现在我们只需要一次遍历就能找到最高频次的对:
best_pair = None
max_freq = 0
for pair, freq in pair_freqs.items():
if max_freq < freq:
best_pair = pair
max_freq = freq
print(best_pair, max_freq)
('t', 'h') 6
所以第一个合并的是('t', 'h') -> 'th',然后将合并后的子词加入到子词词表,同时合并前的两个字符还在词表中,这样我们的词表扩展了一个标记:
# 学习到的第一条合并规则
merges = {("t", "h"): "th"}
# 加入到词表中
vocab.append("th")
然后别忘了,我们还要应用该合并规则到splits字典中,我们也可以编写一个函数来完成:
def merge_pair(a, b, splits):
# 合并split中所有的(a,b) -> ab
for word in word_freqs:
split = splits[word]
if len(split) == 1:
continue
i = 0
while i < len(split) - 1:
# 如果刚好是a和b
if split[i] == a and split[i + 1] == b:
# 合并
split = split[:i] + [a + b] + split[i + 2 :]
else:
i += 1
# 重新赋值给word
splits[word] = split
return splits
splits = merge_pair("t", "h", splits)
print(splits["they"])
['th', 'e', 'y']
此时我们就有遍历整个语料所需的全部必要实现,我们可以编写代码调用这些实现,先试试将目标词表大小设置为50:
merges = {}
vocab_size = 50
while len(vocab) < vocab_size:
pair_freqs = compute_pair_freqs(splits)
best_pair = None
max_freq = 0
for pair, freq in pair_freqs.items():
if max_freq < freq:
best_pair = pair
max_freq = freq
# 用*对best_pair元组进行解包
# 得到新的splits
splits = merge_pair(*best_pair, splits)
# 学习到的合并规则
merges[best_pair] = best_pair[0] + best_pair[1]
# 词表扩充
vocab.append(best_pair[0] + best_pair[1])
pprint(merges)
{('a', 'b'): 'ab',
('a', 't'): 'at',
('e', 'n'): 'en',
('e', 'r'): 'er',
('h', 'o'): 'ho',
('ho', 'w'): 'how',
('i', 'n'): 'in',
('i', 'o'): 'io',
('i', 's'): 'is',
('io', 'n'): 'ion',
('n', 'd'): 'nd',
('o', 'u'): 'ou',
('s', 'e'): 'se',
('t', 'h'): 'th',
('t', 'o'): 'to',
('th', 'e'): 'the',
('th', 'is'): 'this',
('to', 'k'): 'tok',
('tok', 'en'): 'token',
('token', 'i'): 'tokeni',
('tokeni', 'z'): 'tokeniz'}
我们学习了21个合并规则,初始词表大小为29(25个字母加上4个特殊标记)。
['<PAD>', '<UNK>', '<BOS>', '<EOS>', ',', '.', 'a', 'b', 'c', 'd', 'e', 'f', 'g', 'h', 'i', 'k', 'l', 'm', 'n', 'o', 'p', 'r', 's', 't', 'u', 'v', 'w', 'y', 'z', 'th', 'is', 'er', 'to', 'en', 'this', 'ou', 'se', 'tok', 'token', 'ho', 'nd', 'the', 'in', 'ab', 'tokeni', 'tokeniz', 'at', 'io', 'ion', 'how']

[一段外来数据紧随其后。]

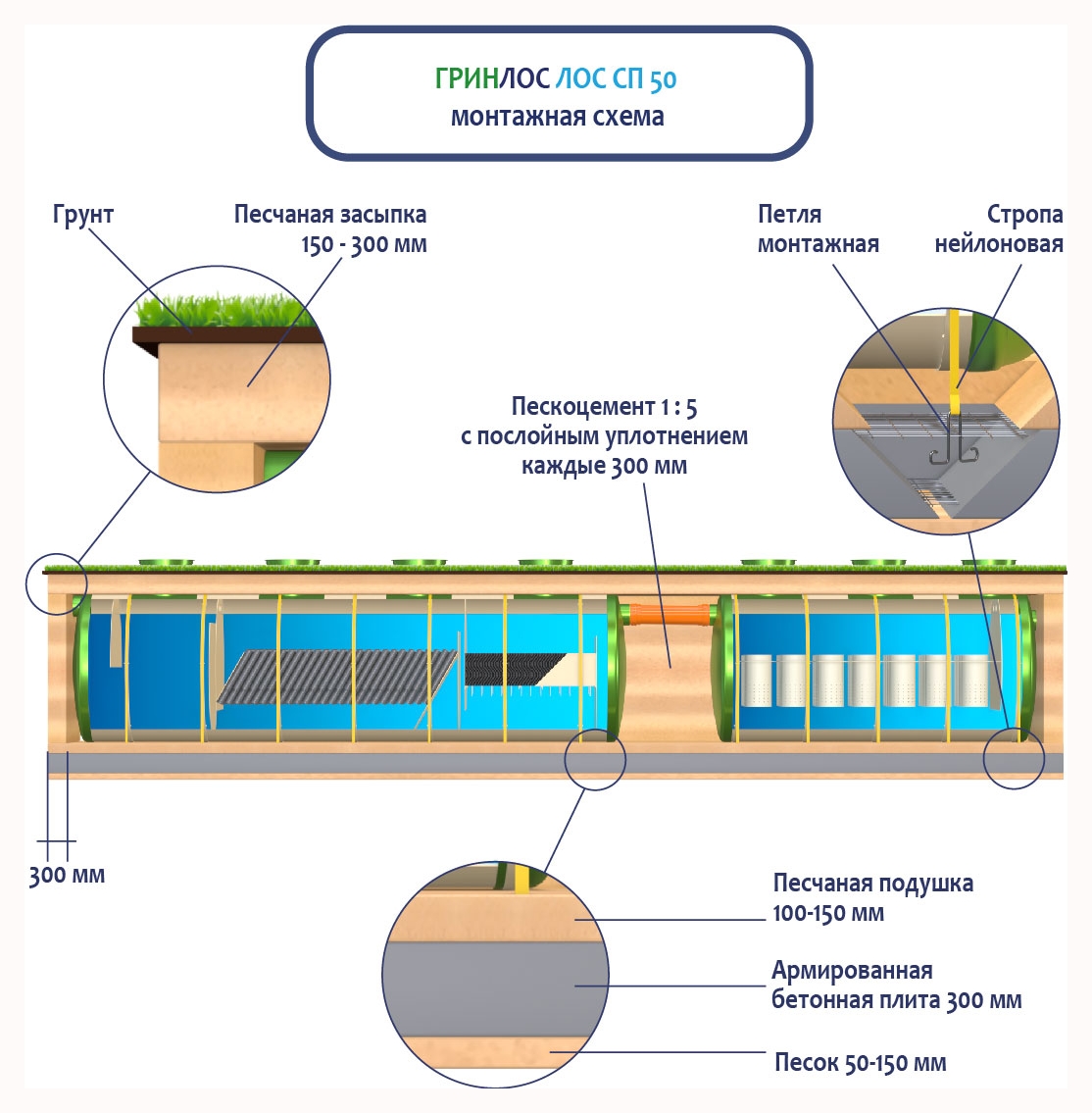 При заглублении ЛОС из стеклопластика на глубину не более 250 мм от верхнего пластикового горизонтального перекрытия до запланированного уровня земли, в однородных грунтах с низким уровнем вод обратную обсыпку допустимо производить песком, смешанным с цементом (марка не ниже М500). Соотношение цемента и песка для обсыпки составляет 1:5. Песчано-цементная засыпка производится послойно, с обязательным трамбованием и проливкой водой каждого слоя. Толщина каждого слоя 300 мм. При условии уровня грунтовых вод выше 1500 мм от уровня земли, при наличии плывуна, скальных грунтов и прочих нестандартных ситуациях, а также в случае заглубления ЛК 50-2300 Сп более чем на 250 мм песчано-цементную смесь необходимо заменить бетоном. Одновременно с засыпкой ливневой канализации, она заполняется водой. Уровень воды должен превышать уровень засыпки (бетонирования) не менее, чем на 200 мм и не более, чем на 500 мм.
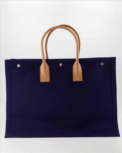 Discover our blue Rive Gauche tote bag from Saint Laurent, an essential accessory for the modern man. Crafted from high-quality linen canvas, this bag is both durable and stylish. The fixed leather handles and the adjustable and removable shoulder strap offer comfort and versatile use. The snap button closure ensures optimal security for your personal belongings. With its printed logo and contrasting trim, this tote bag stands out while remaining understated. The interior zippered pocket is ideal for keeping your most valuable items safe. • Fixed handles and adjustable and removable shoulder strap • Snap button closure • Printed logo • Contrasting trim • Interior zippered pocket • Made from linen canvas • Leather handles

BPE分词最重要的合并规则已经学好了,那如何遇到新文本,要如何应用我们的BPE分词算法呢?
其实就是我们BPE分词算法的四个步骤,回顾一下:
- 标准化
- 预分词
- 单词拆分成字符
- 根据学习到的规则应用到这些拆分
def tokenize(text, merges):
# 1. 标准化和预分词
text = text.lower()
words = [w for w in jieba.cut(text) if w != " "]
# 2. 单词拆分成字符
splits = [[c for c in word] for word in words]
# 3. 根据学习到的规则应用到这些拆分
# 3.1 遍历所有的合并规则
for pair, merge in merges.items():
# 3.2 遍历所有的splits
for idx, split in enumerate(splits):
i = 0
while i < len(split) - 1:
if split[i] == pair[0] and split[i + 1] == pair[1]:
split = split[:i] + [merge] + split[i + 2 :]
else:
i += 1
# 应用合并结果
splits[idx] = split
# splits是包含列表的列表
# 返回一个包含所有子列表元素的新列表
return sum(splits, [])
print(tokenize("This is not a token.", merges))
['this', 'is', 'n', 'o', 't', 'a', 'token', '.']

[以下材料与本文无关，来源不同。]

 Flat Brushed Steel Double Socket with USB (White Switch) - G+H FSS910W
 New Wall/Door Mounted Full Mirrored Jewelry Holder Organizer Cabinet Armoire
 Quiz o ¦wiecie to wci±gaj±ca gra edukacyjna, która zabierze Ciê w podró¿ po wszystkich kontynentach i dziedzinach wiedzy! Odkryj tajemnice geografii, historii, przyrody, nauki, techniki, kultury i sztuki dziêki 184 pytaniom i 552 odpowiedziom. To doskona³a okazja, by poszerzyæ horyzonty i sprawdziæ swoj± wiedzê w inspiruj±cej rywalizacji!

这就是我们最终BPE算法对这行文本分词的结果。注意为了更容易理解,我们上面没有考虑在单词的最后加上</w>字符,我们这里封装的时候考虑进来,但</w>在我们的代码中会被当成多个字符:<、/、w和>,为了不对代码进行太多的修改,我们用特殊字符Ġ来代表</w>。
最后用类封装所有操作:
class BPETokenizer:
def __init__(self, special_tokens=[]) -> None:
self.word_freqs = defaultdict(int)
self.merges = {}
self.token_to_id: dict[str, int] = {}
self.id_to_token: dict[int, str] = {}
if special_tokens is None:
special_tokens = []
special_tokens = [
"<PAD>",
"<UNK>",
"<BOS>",
"<EOS>",
"Ġ", # stands for </w>
] + special_tokens
for token in special_tokens:
self._add_token(token)
def _add_token(self, token: str) -> None:
if token not in self.token_to_id:
idx = len(self.token_to_id)
self.token_to_id[token] = idx
self.id_to_token[idx] = token
@property
def vocab_size(self) -> int:
return len(self.token_to_id)
def _learn_vocab(self, corpus: list[str]) -> None:
for sentence in corpus:
sentence = sentence.lower()
words = [w + "Ġ" for w in jieba.cut(sentence) if w != " "]
for word in words:
self.word_freqs[word] += 1
def _compute_pair_freqs(self, splits) -> dict[Tuple, int]:
pair_freqs = defaultdict(int)
for word, freq in self.word_freqs.items():
split = splits[word]
if len(split) == 1:
continue
for i in range(len(split) - 1):
pair = (split[i], split[i + 1])
pair_freqs[pair] += freq
return pair_freqs
def _merge_pair(self, a: str, b: str, splits):
for word in self.word_freqs:
split = splits[word]
if len(split) == 1:
continue
i = 0
while i < len(split) - 1:
if split[i] == a and split[i + 1] == b:
split = split[:i] + [a + b] + split[i + 2 :]
else:
i += 1
splits[word] = split
return splits
def _merge_vocab(self, vocab_size, splits):
merges = {}
while self.vocab_size < vocab_size:
pair_freqs = self._compute_pair_freqs(splits)
best_pair = None
max_freq = 0
for pair, freq in pair_freqs.items():
if max_freq < freq:
best_pair = pair
max_freq = freq
splits = self._merge_pair(*best_pair, splits)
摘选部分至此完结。